At roadside, inspectors are asking more drivers, fleets to transfer e-log data remotely

During the COVID-19 pandemic, drivers are being asked more frequently by inspection officers to do an electronic transfer of logbook data — rather than a local transfer — which flows to the U.S. DOT’s web-based eRODS system to flag possible violations.

As reported Wednesday, compliance audits of fleets also have continued during the pandemic, with more investigators asking fleets to transfer logbook data to the Federal Motor Carrier Safety Administration for review.

Fleets can upload electronic logbook and other records to a web application. Inspectors then talk to drivers and company officials about specific areas of concern.

“We are continuing to conduct investigations and issue a safety rating where appropriate,” said Joe DeLorenzo, Director, Office of Enforcement and Compliance at FMCSA, during a breakout session at the virtual Trimble insight conference on Wednesday.

The agency has been using the web application to conduct offsite investigations “for quite some time,” he noted, “to help maintain the same process so we continue to protect everyone’s health.”

For roadside inspections to go smoothly, DeLorenzo advised fleets to “make sure drivers know how to do a data transfer” in order to prevent situations where officers become frustrated and issue citations.

“At least have an instruction sheet” for drivers to do a data transfer, he stressed.
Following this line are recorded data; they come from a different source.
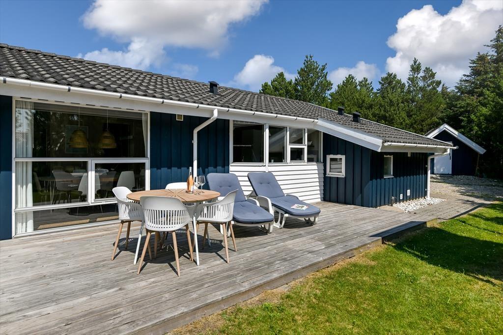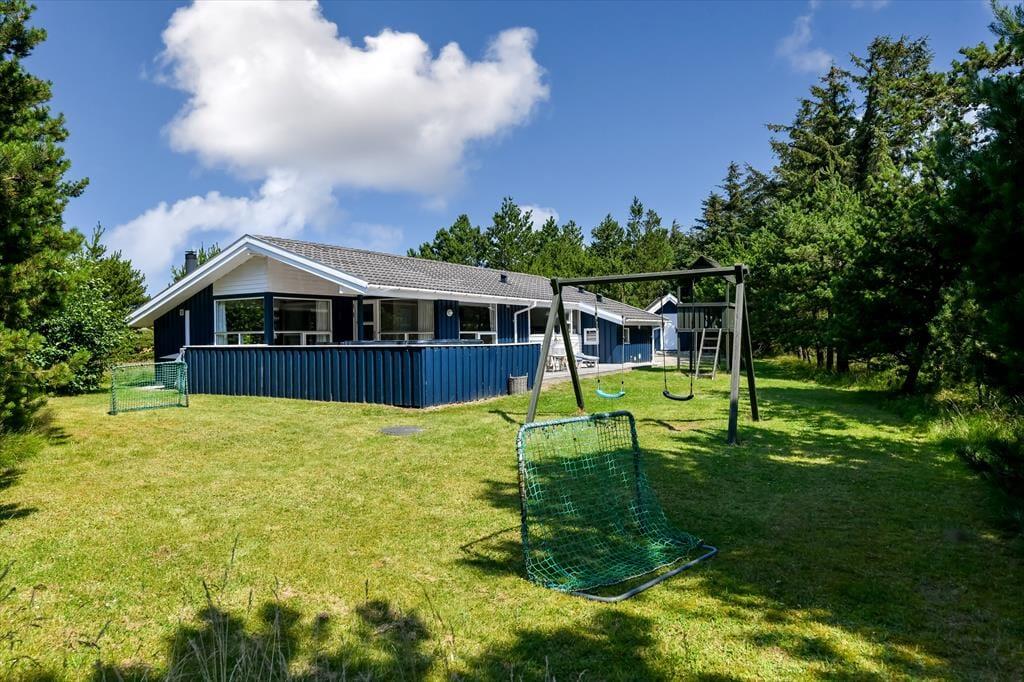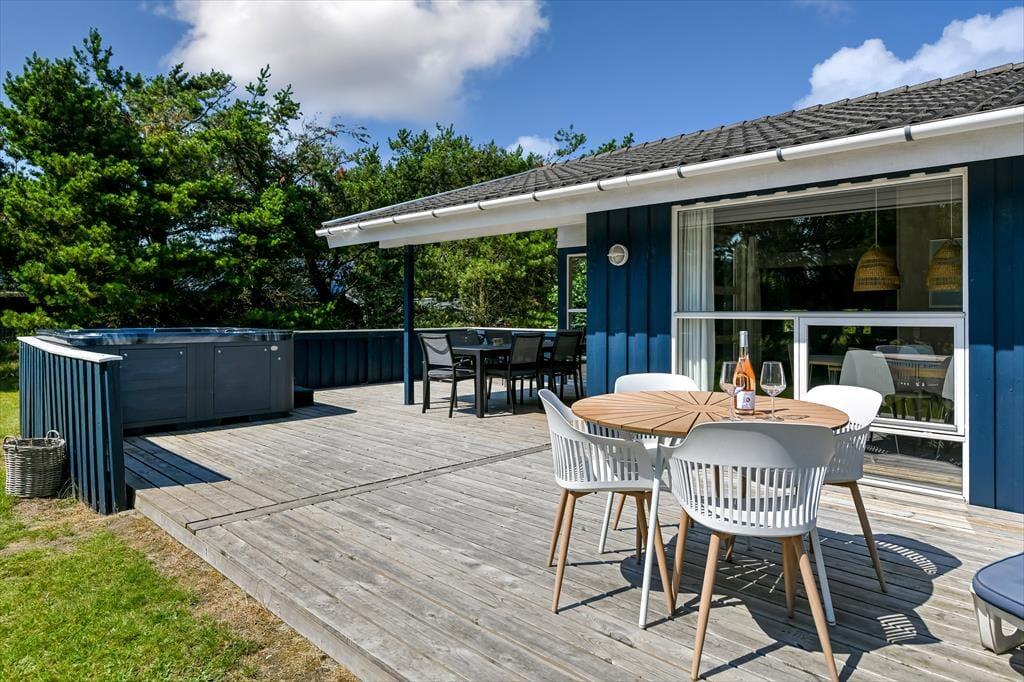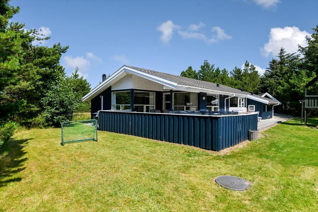 Både store og små familiemedlemmer kan se frem til en skøn ferie her på Nordkrogen i Blåvand. Dette sommerhus er nemlig stort, stilfuldt indrettet og udstyret med mange lækre detaljer – inklusiv spabad, sauna og brændeovn. Ude er der også glimrende forhold, for på den ugenerede naturgrund har I gode legefaciliteter til børnene og en stor træterrasse med udespa.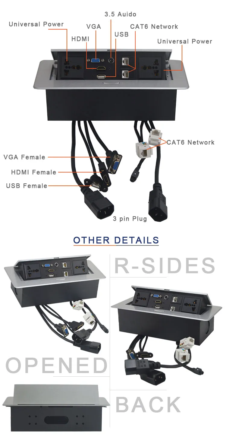 Table top Pop-up Box for Power and Multimedia (VGA, HDMI, USB)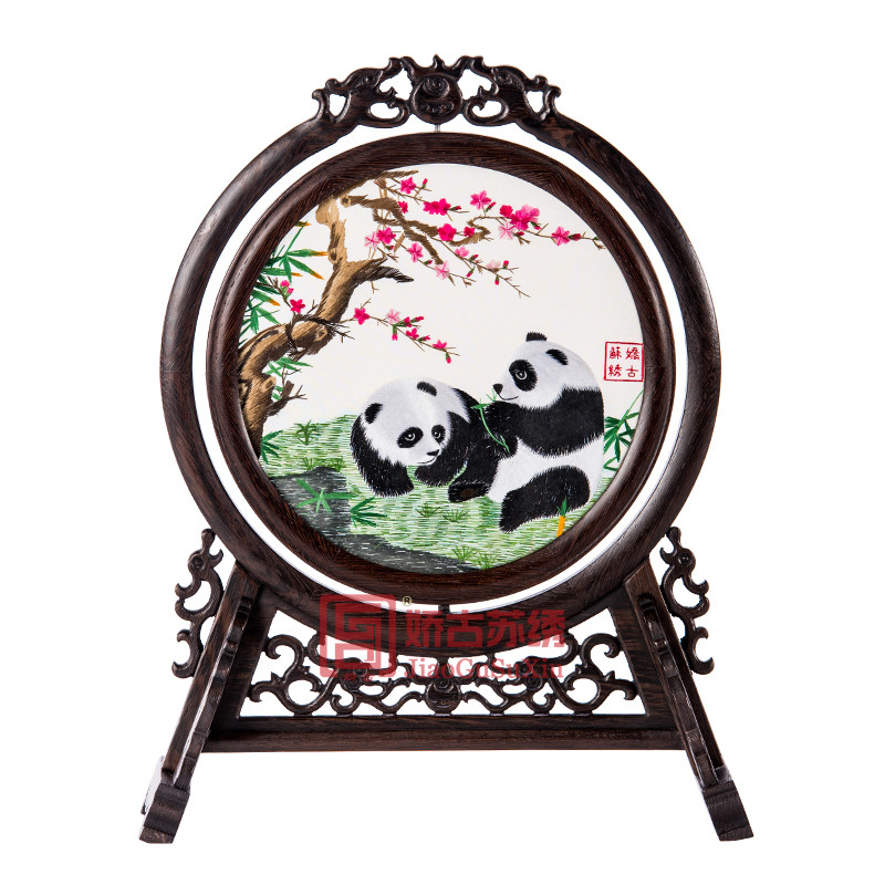 雙龍頭架雙面繡|蘇州刺繡禮品|企業(yè)定制刺繡禮品|定制企業(yè)LOGO禮品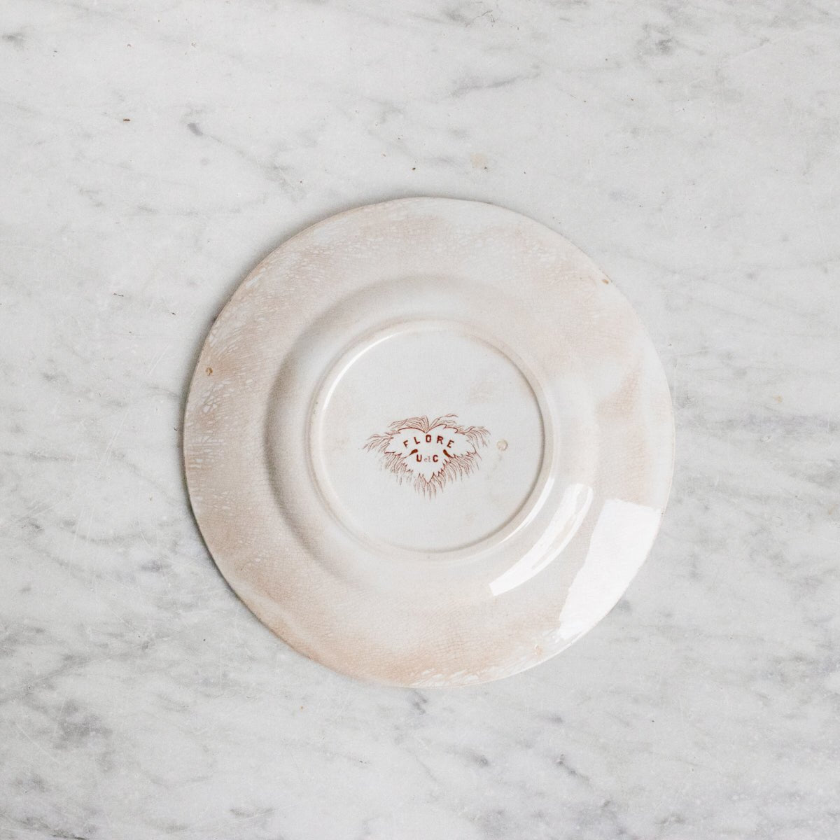 Introducing the Flore Transferware Plate Set of 5, a timeless collection discovered in a charming flea market in Lyon. Crafted from durable ironstone, each plate is stamped with the maker's mark, ensuring authenticity and heritage. The natural darkening, or "buttering," adds a unique vintage charm, making this set a perfect addition to any table setting.

Roadside officers in most cases will request drivers to do a web services transfer. This function is included in many ELDs and is the “fastest, most reliable method to speed through an inspection and get your driver moving again,” DeLorenzo said.
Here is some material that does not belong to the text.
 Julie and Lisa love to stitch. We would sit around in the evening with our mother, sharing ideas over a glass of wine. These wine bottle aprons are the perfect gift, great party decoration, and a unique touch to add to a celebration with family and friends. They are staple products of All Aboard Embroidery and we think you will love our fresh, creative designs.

He explained how the eRODS system “doesn’t automatically say” a driver is in violation. It leaves the final decision up to the officer or auditor. Some of the most common flags are for use of the “adverse driving” condition and unidentified driving time.
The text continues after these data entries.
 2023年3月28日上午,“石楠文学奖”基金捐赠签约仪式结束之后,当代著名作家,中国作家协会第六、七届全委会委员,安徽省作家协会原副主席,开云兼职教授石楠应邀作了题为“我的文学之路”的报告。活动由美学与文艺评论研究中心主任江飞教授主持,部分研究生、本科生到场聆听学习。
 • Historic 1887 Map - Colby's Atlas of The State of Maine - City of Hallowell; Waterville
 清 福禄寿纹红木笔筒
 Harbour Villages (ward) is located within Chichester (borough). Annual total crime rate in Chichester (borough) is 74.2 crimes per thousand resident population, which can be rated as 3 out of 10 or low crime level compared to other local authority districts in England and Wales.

Unidentified drive time could be the result of a driver failing to annotate logs for personal conveyance or by turning off the ELD, he said.

Other common flags are for drivers exceeding eight hours of on-duty time without taking a required 30-minute break or by entering or editing logbook events, he noted.

During a roadside inspection, officers can also request time records from drivers with short-haul carriers who are exempt from keeping a record of duty status and using ELDs. Short-haul property carriers must give drivers at least 10 hours off between shifts, and have a system to record a driver’s start and stop times, total time spent on duty, and keep a running total of the hours worked in the past seven days.

When inspecting a short-haul driver at roadside, an officer could request a fax or emailed copy of their time records to check for compliance, he said.